» **Data provided**:
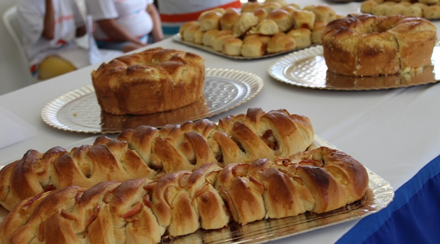 No preparo, receitas como pão de maçã com frutas cristalizadas, pão de beterraba com goiabada, pão de batata recheado com catupiry, rosca estrela e pão de mandioca. São receitas artesanais muito fáceis de preparar, sendo necessário, ingredientes e equipamentos simples. Sendo o grande diferencial que todas as receitas são desenvolvidas de forma saudável com farinha integral e base de frutas”, comenta o monitor.
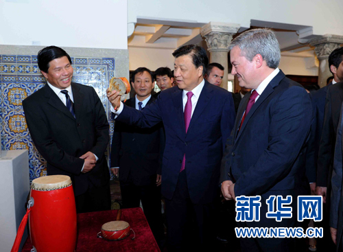 ??? 6月17日至19日,應葡萄牙政府邀請,中共中央政治局常委、中央書記處書記劉云山對葡萄牙進行正式訪問。這是6月19日,劉云山在波爾圖出席慶祝中國葡萄牙建交35周年中國文化周開幕式活動,參觀中葡文化展。 新華社記者 饒愛民 攝
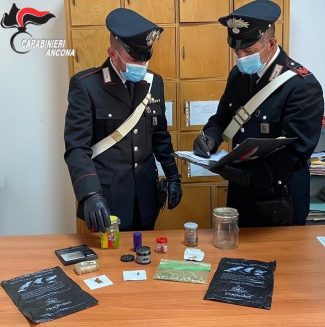 Nascondeva nell’armadio della sua camera da letto hashish e marijuana. Nel pomeriggio di ieri, i Carabinieri della Stazione di Offagna hanno arrestato un 21enne di Castelfidardo, trovato in possesso di sostanza stupefacente e strumenti per la confezione di dosi. Nel corso dei servizi finalizzati al contrasto del fenomeno dello spaccio e del consumo di sostanze stupefacenti nella Valmusone, i militari hanno perquisito l’abitazione del giovane e rinvenuto, occultati all’interno dell’armadio della sua camera da letto, 77 grammi di hashish in una confezione in cellophane, 10 grammi di marijuana contenuti in due contenitori in vetro per conserve, 44 semi di marijuana, un bilancino elettronico e strumenti per la confezione di dosi destinate allo spaccio. Il 21enne è stato, quindi, arrestato, mentre la droga ed il materiale rinvenuto sono stati sequestrati. L’operazione conferma l’incessante impegno dell’Arma del Comando Provinciale di Ancona nell’infrenare il fenomeno dello spaccio di sostanze stupefacenti che ha già permesso l’arresto di diversi spacciatori negli ultimi mesi, nonché il sequestro di diversi chilogrammi di sostanza stupefacente, come avvenuto tre giorni fa a Marcelli di Numana, quando i Carabinieri di Osimo avevano arrestato una persona perché trovato in possesso circa 70 grammi di cocaina ed hashish.

» **What you have to do**: Reproduce every line above exactly, pictures excluded.

» **Solution to this exercise**:
 No preparo, receitas como pão de maçã com frutas cristalizadas, pão de beterraba com goiabada, pão de batata recheado com catupiry, rosca estrela e pão de mandioca. São receitas artesanais muito fáceis de preparar, sendo necessário, ingredientes e equipamentos simples. Sendo o grande diferencial que todas as receitas são desenvolvidas de forma saudável com farinha integral e base de frutas”, comenta o monitor.
 ??? 6月17日至19日,應葡萄牙政府邀請,中共中央政治局常委、中央書記處書記劉云山對葡萄牙進行正式訪問。這是6月19日,劉云山在波爾圖出席慶祝中國葡萄牙建交35周年中國文化周開幕式活動,參觀中葡文化展。 新華社記者 饒愛民 攝
 Nascondeva nell’armadio della sua camera da letto hashish e marijuana. Nel pomeriggio di ieri, i Carabinieri della Stazione di Offagna hanno arrestato un 21enne di Castelfidardo, trovato in possesso di sostanza stupefacente e strumenti per la confezione di dosi. Nel corso dei servizi finalizzati al contrasto del fenomeno dello spaccio e del consumo di sostanze stupefacenti nella Valmusone, i militari hanno perquisito l’abitazione del giovane e rinvenuto, occultati all’interno dell’armadio della sua camera da letto, 77 grammi di hashish in una confezione in cellophane, 10 grammi di marijuana contenuti in due contenitori in vetro per conserve, 44 semi di marijuana, un bilancino elettronico e strumenti per la confezione di dosi destinate allo spaccio. Il 21enne è stato, quindi, arrestato, mentre la droga ed il materiale rinvenuto sono stati sequestrati. L’operazione conferma l’incessante impegno dell’Arma del Comando Provinciale di Ancona nell’infrenare il fenomeno dello spaccio di sostanze stupefacenti che ha già permesso l’arresto di diversi spacciatori negli ultimi mesi, nonché il sequestro di diversi chilogrammi di sostanza stupefacente, come avvenuto tre giorni fa a Marcelli di Numana, quando i Carabinieri di Osimo avevano arrestato una persona perché trovato in possesso circa 70 grammi di cocaina ed hashish.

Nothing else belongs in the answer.